*Exercise*
Retype the material that follows exactly, limited to the lines from the one with "30 września 2025" through the one with "Рис. 12. Инструменты", and keep out all pictures.

*Provided data*
+===+
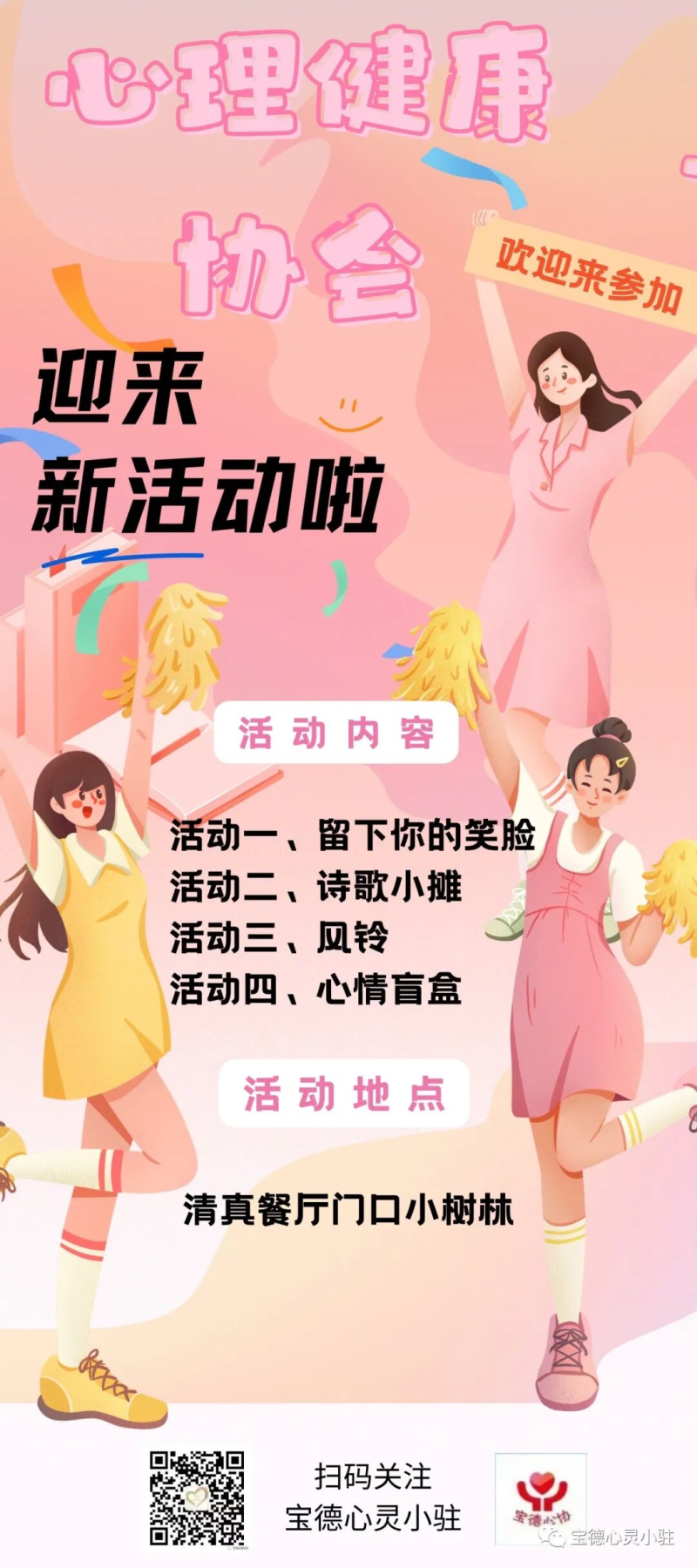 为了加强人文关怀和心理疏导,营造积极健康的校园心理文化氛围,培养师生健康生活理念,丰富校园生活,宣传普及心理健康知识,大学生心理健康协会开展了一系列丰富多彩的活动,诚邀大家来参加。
+===+
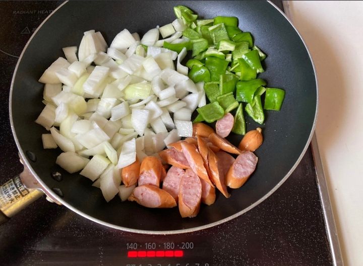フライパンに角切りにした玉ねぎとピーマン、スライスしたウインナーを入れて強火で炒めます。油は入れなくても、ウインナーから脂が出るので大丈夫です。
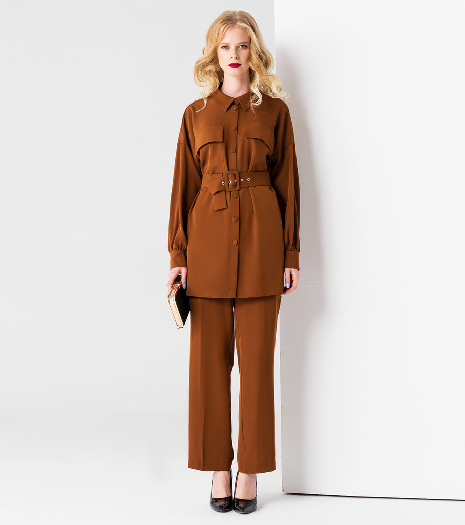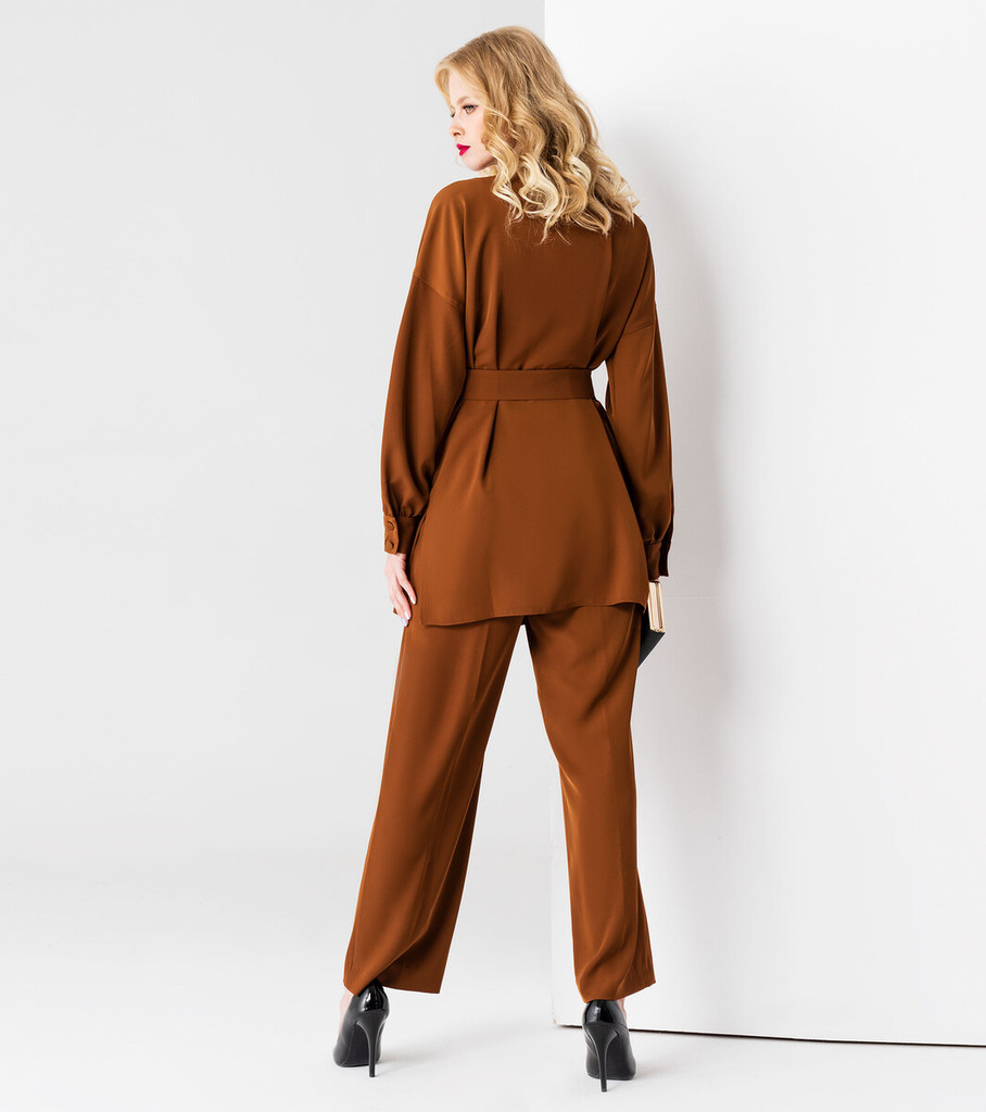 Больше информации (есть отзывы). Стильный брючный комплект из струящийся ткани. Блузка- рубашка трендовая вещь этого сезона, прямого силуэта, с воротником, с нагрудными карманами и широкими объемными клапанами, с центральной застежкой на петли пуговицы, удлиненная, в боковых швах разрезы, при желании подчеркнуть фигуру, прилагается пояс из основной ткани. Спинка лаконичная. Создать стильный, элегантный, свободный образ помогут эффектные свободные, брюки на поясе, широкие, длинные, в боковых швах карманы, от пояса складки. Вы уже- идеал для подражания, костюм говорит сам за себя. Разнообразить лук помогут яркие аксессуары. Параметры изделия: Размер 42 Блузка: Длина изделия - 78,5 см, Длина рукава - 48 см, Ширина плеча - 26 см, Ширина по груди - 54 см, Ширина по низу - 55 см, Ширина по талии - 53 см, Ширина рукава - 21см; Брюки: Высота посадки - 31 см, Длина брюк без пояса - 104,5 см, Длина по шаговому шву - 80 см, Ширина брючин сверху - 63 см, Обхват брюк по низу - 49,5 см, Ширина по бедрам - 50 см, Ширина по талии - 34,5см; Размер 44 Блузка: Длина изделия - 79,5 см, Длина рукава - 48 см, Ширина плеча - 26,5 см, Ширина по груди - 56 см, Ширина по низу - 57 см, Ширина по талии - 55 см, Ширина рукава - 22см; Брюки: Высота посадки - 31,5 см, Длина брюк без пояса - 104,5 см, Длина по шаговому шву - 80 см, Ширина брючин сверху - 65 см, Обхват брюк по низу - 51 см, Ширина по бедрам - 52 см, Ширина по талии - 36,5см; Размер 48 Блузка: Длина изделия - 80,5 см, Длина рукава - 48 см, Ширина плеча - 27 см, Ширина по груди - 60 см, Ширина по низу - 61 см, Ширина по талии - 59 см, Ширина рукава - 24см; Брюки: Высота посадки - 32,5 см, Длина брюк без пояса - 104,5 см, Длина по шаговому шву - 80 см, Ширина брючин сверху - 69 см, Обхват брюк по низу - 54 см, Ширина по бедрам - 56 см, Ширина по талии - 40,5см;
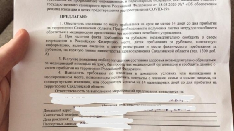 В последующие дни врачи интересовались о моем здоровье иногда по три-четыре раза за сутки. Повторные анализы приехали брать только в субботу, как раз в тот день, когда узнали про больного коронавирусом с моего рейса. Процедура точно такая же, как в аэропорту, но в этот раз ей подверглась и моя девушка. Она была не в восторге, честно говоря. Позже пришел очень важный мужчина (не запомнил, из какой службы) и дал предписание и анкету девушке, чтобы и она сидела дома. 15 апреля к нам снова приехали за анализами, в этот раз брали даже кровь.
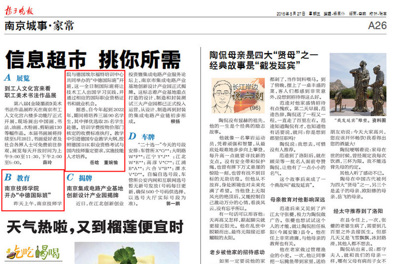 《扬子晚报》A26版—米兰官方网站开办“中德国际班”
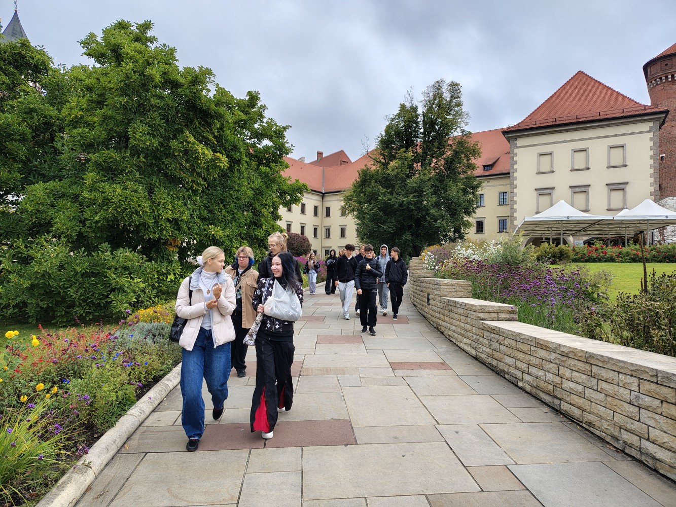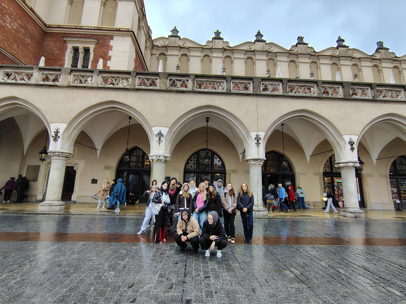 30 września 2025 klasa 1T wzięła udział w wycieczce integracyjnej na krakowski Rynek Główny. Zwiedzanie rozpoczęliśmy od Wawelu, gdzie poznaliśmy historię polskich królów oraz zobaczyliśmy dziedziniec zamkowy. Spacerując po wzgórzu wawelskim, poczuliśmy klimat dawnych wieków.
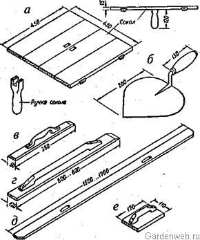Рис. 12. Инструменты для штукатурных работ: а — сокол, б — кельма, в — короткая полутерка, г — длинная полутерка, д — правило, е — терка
+===+
*Solution for this exercise*
 30 września 2025 klasa 1T wzięła udział w wycieczce integracyjnej na krakowski Rynek Główny. Zwiedzanie rozpoczęliśmy od Wawelu, gdzie poznaliśmy historię polskich królów oraz zobaczyliśmy dziedziniec zamkowy. Spacerując po wzgórzu wawelskim, poczuliśmy klimat dawnych wieków.
Рис. 12. Инструменты для штукатурных работ: а — сокол, б — кельма, в — короткая полутерка, г — длинная полутерка, д — правило, е — терка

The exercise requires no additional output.